Recalling the original issue stated in Section~\ref{section:learn_shift} that we are dealing with:
% We need to design the sequences $\{h_1^k\}_{k\geq0}, \dots, \{h_n^k\}_{k\geq0}$ in such a way that all of them converge to the optimal shifts:
\begin{equation*}
    \text{\textbf{design sequences} } \{h_i^k\}_{k\geq0} \ \text{ such that } \ h_i^k \to \nabla f_i (x^\star). 
    %\quad \text{ as } \quad  k \to \infty.
\end{equation*} % you can come up with the simplest possible solution
The simplest possible solution would be just to set $h_i^k$ to $\nabla f_i(x^k)$ because if $x^k \to x^\star$ in the optimization process, then $\nabla f_i(x^k)$ converges to the optimal local shift. However, this approach is not efficient, as workers have to transfer full (uncompressed) vectors $h_i^k = \nabla f_i(x^k)$. Our alternative to the \DIANA solution is to update a reference point $w_i^k$ for calculating the shift $h_i^k = \nabla f_i(w_i^k)$ infrequently (with a small probability $p_i \in (0, 1]$), so that $h_i^k$ needs to be communicated very rarely:
% in order to communicate 
\begin{equation} \label{eq:r_diana_shift}
\begin{aligned} 
    h_i^k &= \nabla f_i (w_i^k) \\
    w_i^{k+1} &= \left\{\begin{array}{ll}
                    x^k \, \text { with probability } p_i \\ 
                    w_i^k \text { with probability } 1 - p_i
                  \end{array}\right.
\end{aligned}
\end{equation}
% \begin{center}
% \begin{alignat*}{3} \label{eq:rand_diana}
%     h_i^k &= \nabla f_i (w_i^k) \\
%     w_i^{k+1} &= \left\{\begin{array}{ll}
%                     x^k \, \text { with probability } p_i \\ 
%                     w_i^k \text { with probability } 1 - p_i
%                   \end{array}\right.
% \end{alignat*}
% \end{center}
This method has a remarkably simpler analysis than \DIANA, but can solve the original problem of eliminating the variance introduced by gradient compression. Next, we state the convergence result for \DCGD with shifts updated in a \texttt{randomized} fashion~\eqref{eq:r_diana_shift}. We named it \algname{Randomized-DIANA} (\RDIANA in short) to acknowledge the original method \citep{mishchenko2019distributed} to first solve this problem.

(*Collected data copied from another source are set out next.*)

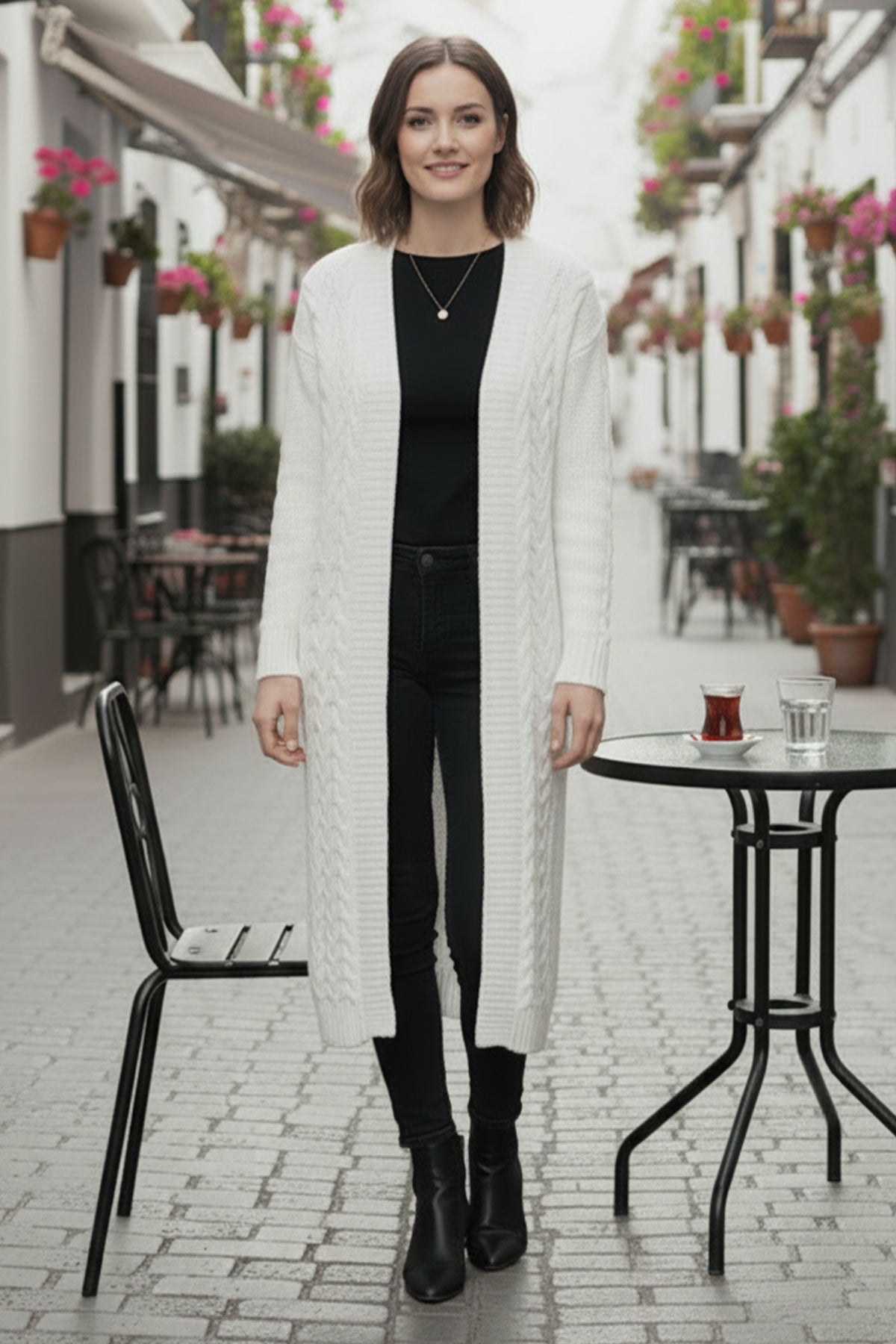 BNG Women Örgü Desenli Uzun Triko Hırka R4251 Ekru - Horad Zhodzina
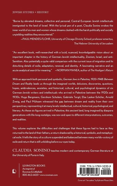 With an approach both personal and symbolic, this volume leads us through the imagined worlds, delusions, discoveries, questions, hopes, ambivalences, anxieties, and historical, cultural and psychological dynamics of six German-Jewish writers and intellectuals who arrived in Palestine between the 1920s and 1930s. Hugo Bergmann, Gershom Scholem, Gabriele Tergit, Else Lasker–Schüler, Arnold Zweig, and Paul Mühsam witnessed the gap between dream and reality from their own perspectives, representing it at many levels: intellectual, cultural, historical, psychological, and literary. As these six figures arrived in Palestine, this ancient land long imagined by diaspora generations with life-long nostalgia was new and open to different interpretations, outcomes, and realities. This book explores the difficulties and challenges that these figures had to face as they returned to the land of their fathers, a return shadowed by a historical, symbolic and metaphysical exile. It tells the story of a culture suspended and balanced between many worlds— a story of exile and return that is still unfolding under our eyes today.
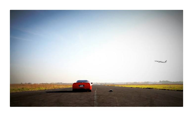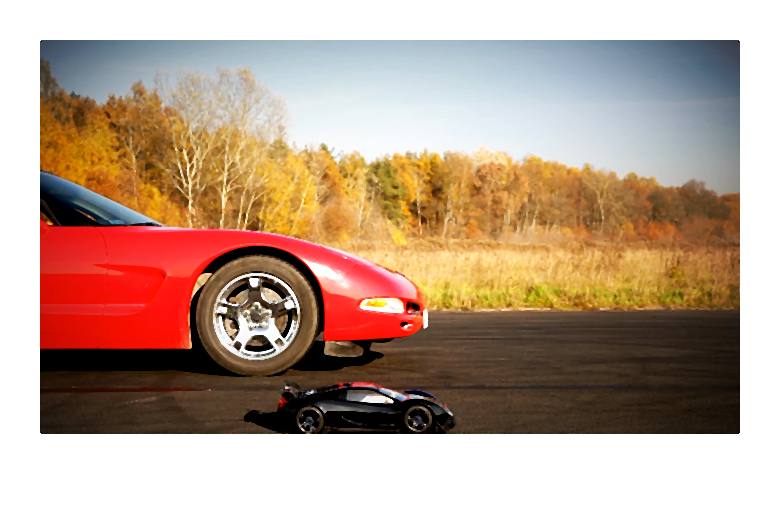 Już na samym starcie wydawałoby się, że model sterowany radiem – wprawdzie jeden z najszybszych na świecie ale jednak model – nie ma szans z podrasowanym Chevroletem Corvette C5. Samochód ten posiada bowiem silnik LS1 V8 o pojemności 5665 cmÂł i mocy 345 KM, a dzięki licznym modyfikacjom układu wydechowego, dolotowego oraz obniżeniu wagi, może osiągnąć maksymalną prędkość 300 km/h.
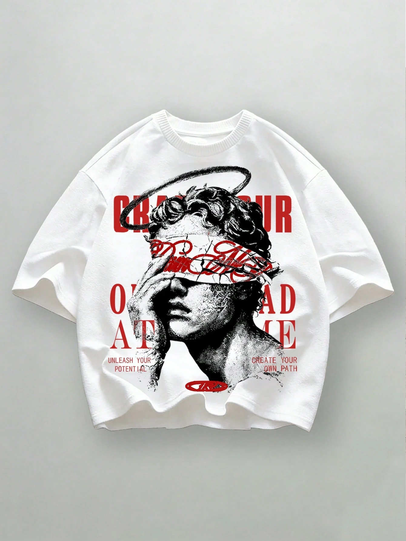 Camiseta blanca de manga corta con estampado de figura y letra, casual y de moda para el uso diario y el transporte, para hombre, verano
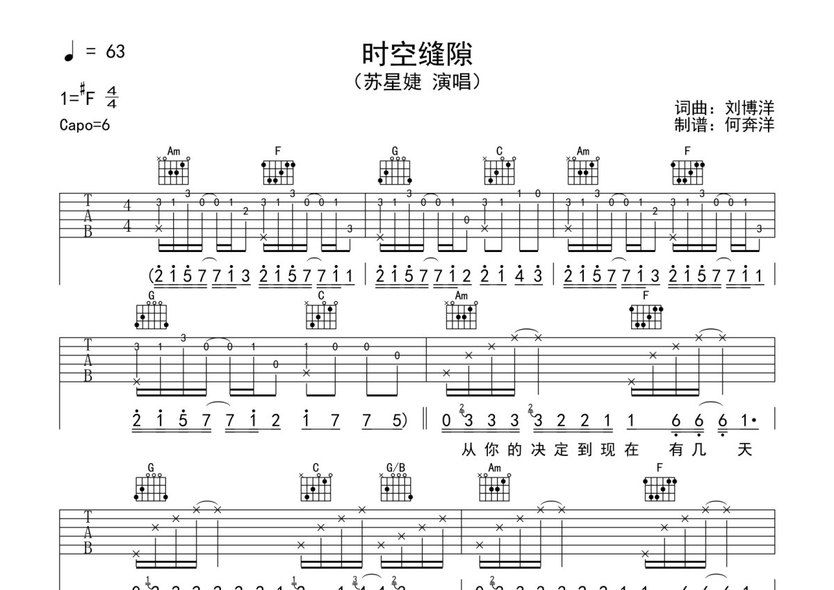 苏星婕《时空缝隙》吉他谱 - C调弹唱六线谱
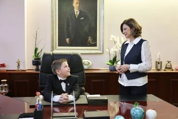 23 Nisan Ulusal Egemenlik ve Çocuk Bayramı ile TBMM'nin 105. açılış yılı kutlamaları çerçevesinde Eskişehir Büyükşehir Belediye Başkanı Ayşe Ünlüce, Meseret İnel İlkokulu 4. sınıf öğrencisi Ege Ersen’i makamında ağırladı.
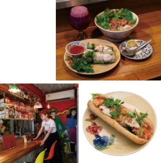 家族のオリジナルレシピ - 近隣でクラフトビール専門店「フジマルクラフト」を営む藤原由美子さんが、2号店として手がけたベトナム料理店。由美子さんが7歳の頃から募らせるベトナムへの愛を脈々と受け継ぐ、娘のヒラメさんが料理に腕を振るいます。看板メニューは、しそ、バジル、ミント、パクチー、ディルの5種のハーブを使った現地の大定番「フォー」と「バインミー」。そのほか季節の前菜も。
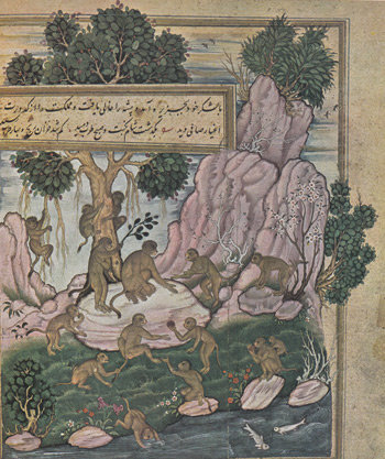Dans cette œuvre, la palette de couleurs vives, l’intégration du texte dans l’image, le contour des silhouettes, le paysage fantastique fourmillant de détails, seraient autant de signes de l’influence persane. La touche indienne se verrait dans le choix des espèces reproduites (figuiers des banians, manguiers ou palmiers) qu’on ne trouve pas en Iran, et dans les attitudes libres données aux animaux [4].
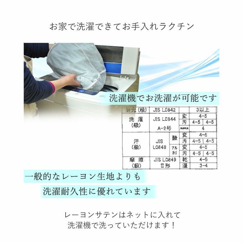 一般的なシルクやレーヨンは機能性に優れる反面、デリケートで洗濯機で洗えないものも。当店のレーヨンサテンはネットに入れて洗濯機で洗っていただけます!
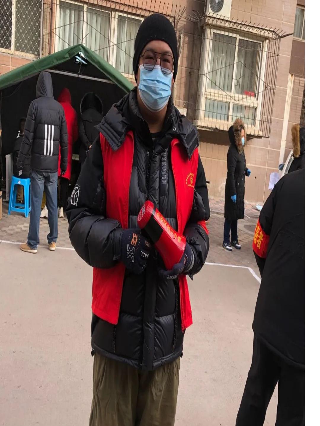 艺术学院环境设计2002班于宸蘅同学作为志愿者,在小区门口对进入小区的车辆和外来人员进行登记和体温检测。他谈到,身为蝼蚁当有鸿鹄之志,作为一名大学生,应有责任与义务奉献自己;作为青年志愿者,应该尽自己一份力量,为家乡抗击疫情做出自己的贡献。他希望早日能够战胜疫情,为河北加油,为中国加油!
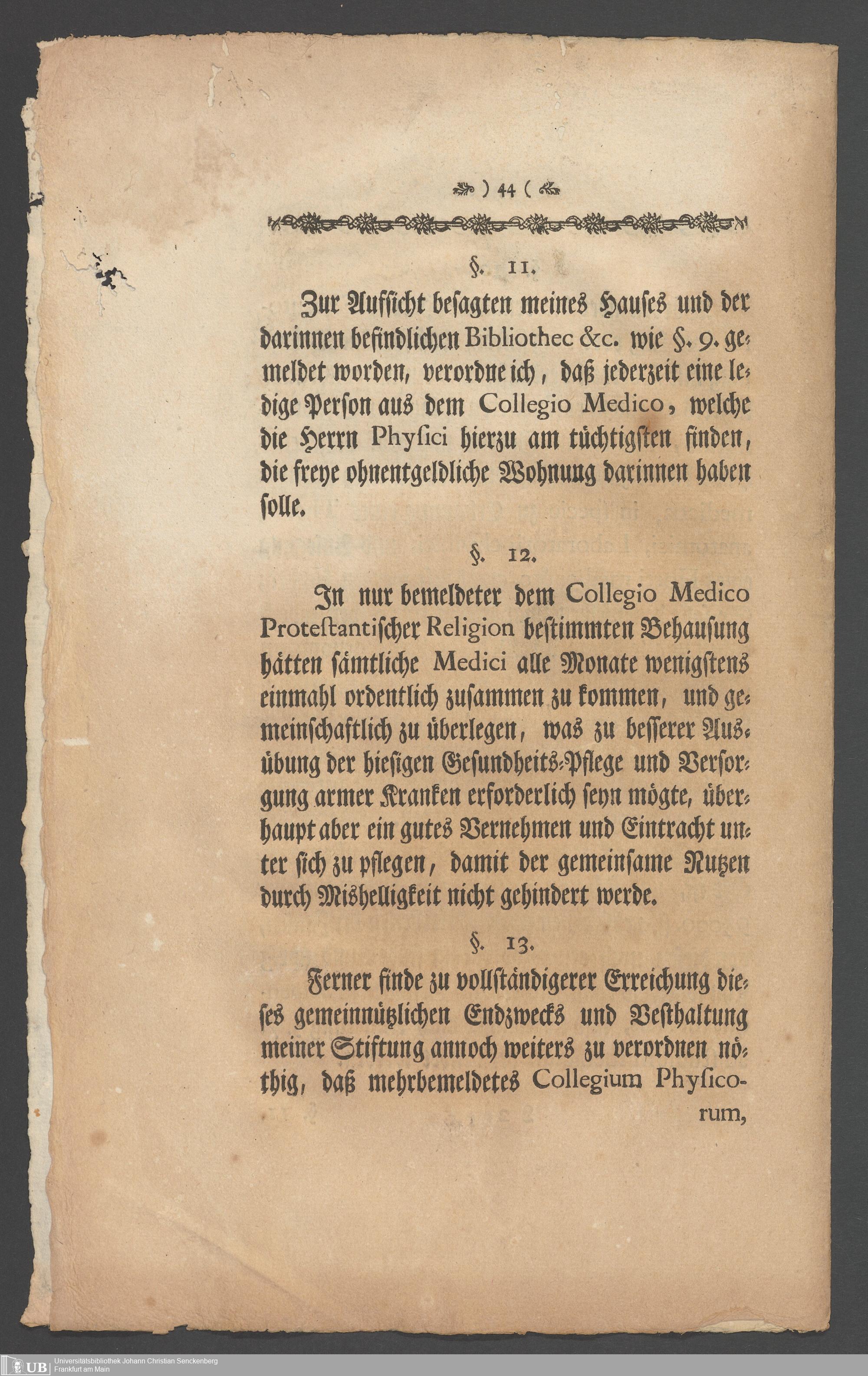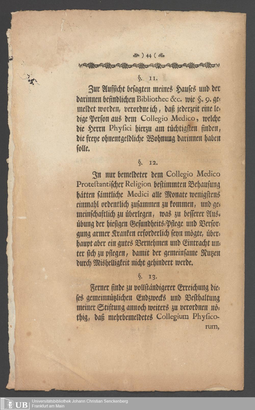 Na 31 Nachlass Johann Christian Senckenberg, 336 - Stiftungsbrief

\begin{theorem}[\algname{Rand-DIANA}] \label{thm:r_diana_shift}
Assume that $f_i$ are convex, $L_i$-smooth for all $i$ and $f$ is $\mu$-convex. If the step-size satisfies
\begin{equation*}
    \gamma \leq \frac{1}{\left(1+\frac{2 \omega}{n}\right) L_{\max} + M \max_i(p_i L_i)},
\end{equation*}
where $M > \frac{2 \omega}{n p_{m}}$ and $p_{m} \eqdef \min_i p_i$.
Then, the iterates of \DCGD with \algname{Randomized-DIANA} shift update~\eqref{eq:r_diana_shift} satisfy%then the iterates of \RDIANA satisfy%~\ref{alg:rand_diana_n} satisfy
\begin{equation*}
    \E V^k \leq \max \left\{(1-\gamma \mu)^k, \left(1 - p_{m} + \frac{2\omega}{nM}\right)^k\right\} V^0,
\end{equation*}
where the Lyapunov function $V^k$ is defined by
\begin{equation*}
% \textstyle
    V^k \eqdef \left\|x^k - x^\star\right\|^2 + M \gamma^2 \cdot \frac{1}{n}  \sum\limits_{i=1}^{n} \left\|h_i^k - \nabla f_i (x^\star)\right\|^2.%\sigma^k.
\end{equation*}
\end{theorem}
Though appropriate choice of the parameters $M = \frac{4 \omega}{n p_{m}}$ and $p_i \equiv p = \frac{1}{\omega + 1}$ for every $i$, we can obtain basically the same iteration complexity as the original \DIANA \citep{horvath2019stochastic}
\begin{equation*}
% \textstyle
    \max \left\{\frac{1}{\gamma \mu}, \frac{1}{p_{m} - \frac{2 \omega}{n M}}\right\} %\log \frac{1}{\varepsilon}
    = \max \left\{\frac{L_{\max}}{\mu}\br{1 + \frac{\omega}{n}}, \omega + 1\right\}. %\log \frac{1}{\varepsilon}.
\end{equation*}


\subsection{Compressing the Iterates} \label{section:compressed_iter}

In this section, we discuss how the shifted compression framework can be applied and leads to improved results for the case where the iterates/models themselves need to be compressed.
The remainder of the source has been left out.